╭──
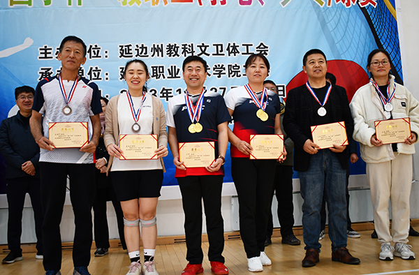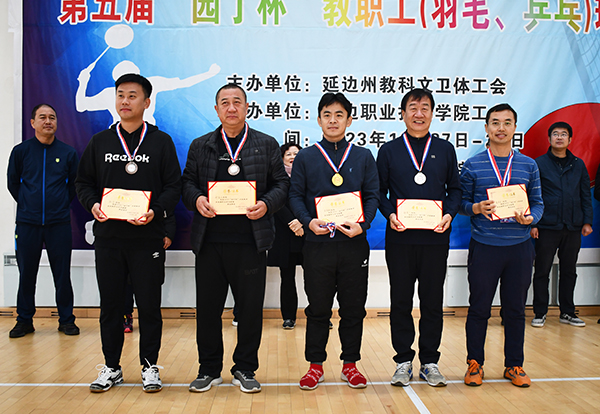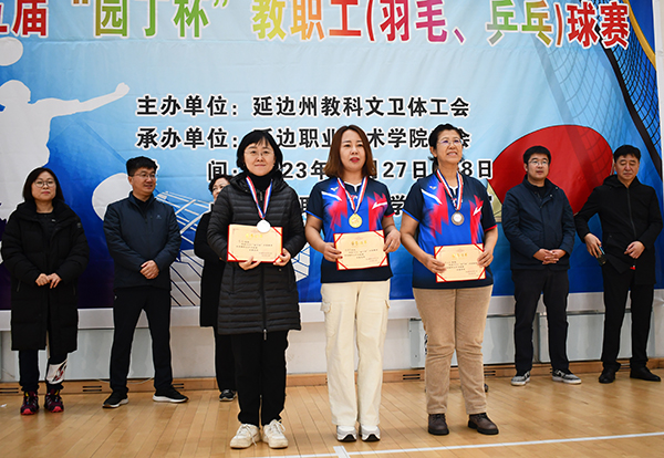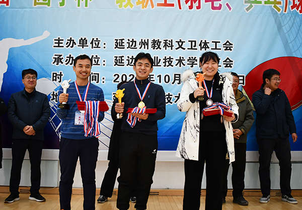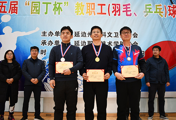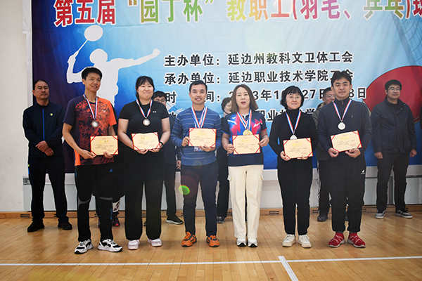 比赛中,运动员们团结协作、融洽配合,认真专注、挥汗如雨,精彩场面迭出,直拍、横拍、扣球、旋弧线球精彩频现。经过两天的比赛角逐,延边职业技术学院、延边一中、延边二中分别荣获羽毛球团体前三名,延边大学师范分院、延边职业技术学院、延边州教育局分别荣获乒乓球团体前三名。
╰──
╭──
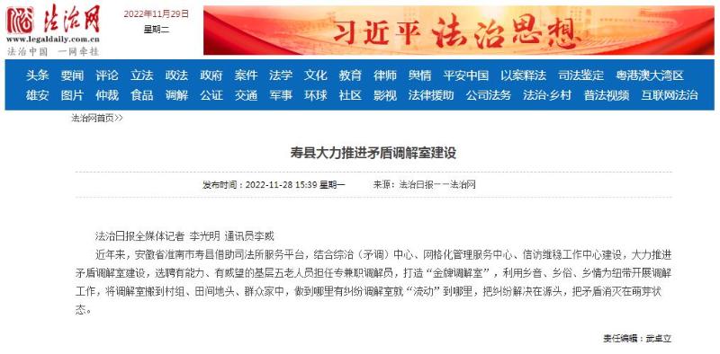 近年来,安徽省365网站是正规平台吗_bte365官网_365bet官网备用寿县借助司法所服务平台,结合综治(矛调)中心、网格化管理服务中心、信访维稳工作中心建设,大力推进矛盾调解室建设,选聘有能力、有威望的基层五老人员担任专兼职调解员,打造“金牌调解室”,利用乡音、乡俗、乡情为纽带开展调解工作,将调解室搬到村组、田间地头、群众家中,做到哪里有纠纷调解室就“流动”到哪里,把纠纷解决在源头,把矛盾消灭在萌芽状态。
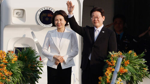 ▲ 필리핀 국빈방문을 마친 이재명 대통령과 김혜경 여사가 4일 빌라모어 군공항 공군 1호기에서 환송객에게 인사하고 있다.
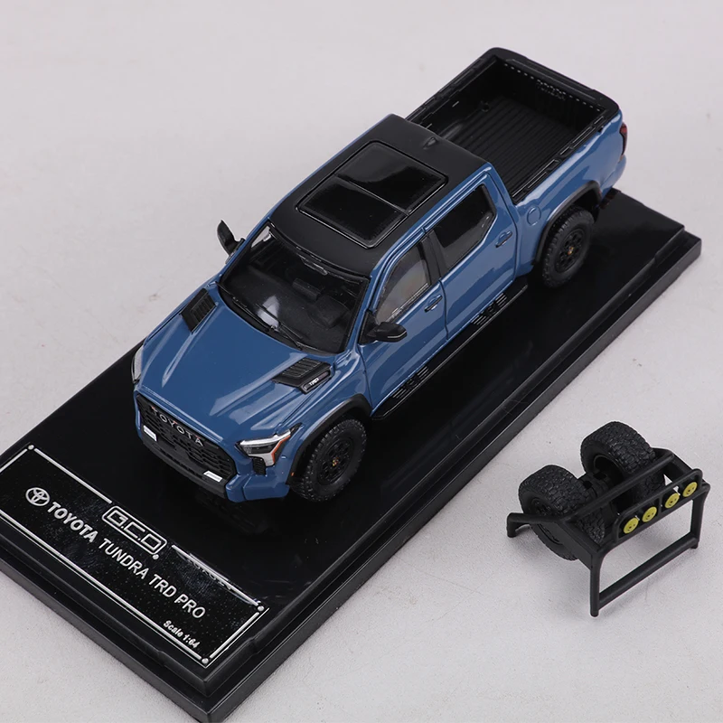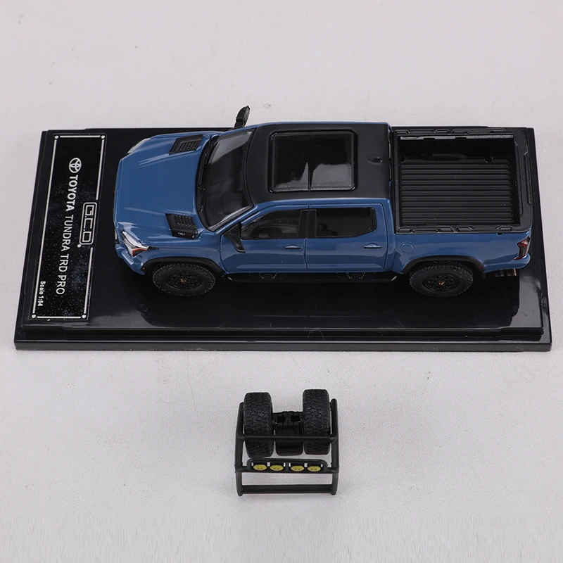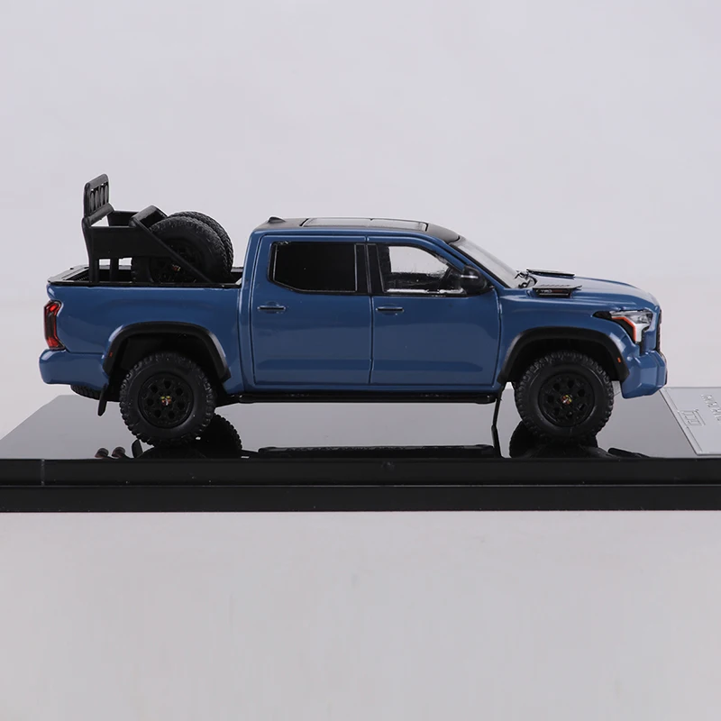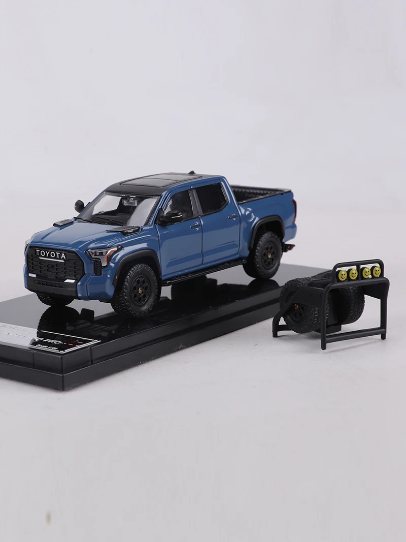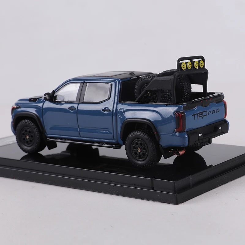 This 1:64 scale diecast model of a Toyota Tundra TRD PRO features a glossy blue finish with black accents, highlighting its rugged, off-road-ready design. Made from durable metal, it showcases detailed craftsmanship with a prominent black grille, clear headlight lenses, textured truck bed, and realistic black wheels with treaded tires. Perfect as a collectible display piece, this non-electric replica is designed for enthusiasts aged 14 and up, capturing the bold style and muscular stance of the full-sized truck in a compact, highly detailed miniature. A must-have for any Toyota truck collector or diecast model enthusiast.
╰──
• What the exercise asks
What do the entries above read from the line containing "近年来,安徽省365网站是正" through the line containing "This 1:64 scale"? Output those lines exactly, both ends included, with the pictures left out.

• Exercise result
 近年来,安徽省365网站是正规平台吗_bte365官网_365bet官网备用寿县借助司法所服务平台,结合综治(矛调)中心、网格化管理服务中心、信访维稳工作中心建设,大力推进矛盾调解室建设,选聘有能力、有威望的基层五老人员担任专兼职调解员,打造“金牌调解室”,利用乡音、乡俗、乡情为纽带开展调解工作,将调解室搬到村组、田间地头、群众家中,做到哪里有纠纷调解室就“流动”到哪里,把纠纷解决在源头,把矛盾消灭在萌芽状态。
 ▲ 필리핀 국빈방문을 마친 이재명 대통령과 김혜경 여사가 4일 빌라모어 군공항 공군 1호기에서 환송객에게 인사하고 있다.
 This 1:64 scale diecast model of a Toyota Tundra TRD PRO features a glossy blue finish with black accents, highlighting its rugged, off-road-ready design. Made from durable metal, it showcases detailed craftsmanship with a prominent black grille, clear headlight lenses, textured truck bed, and realistic black wheels with treaded tires. Perfect as a collectible display piece, this non-electric replica is designed for enthusiasts aged 14 and up, capturing the bold style and muscular stance of the full-sized truck in a compact, highly detailed miniature. A must-have for any Toyota truck collector or diecast model enthusiast.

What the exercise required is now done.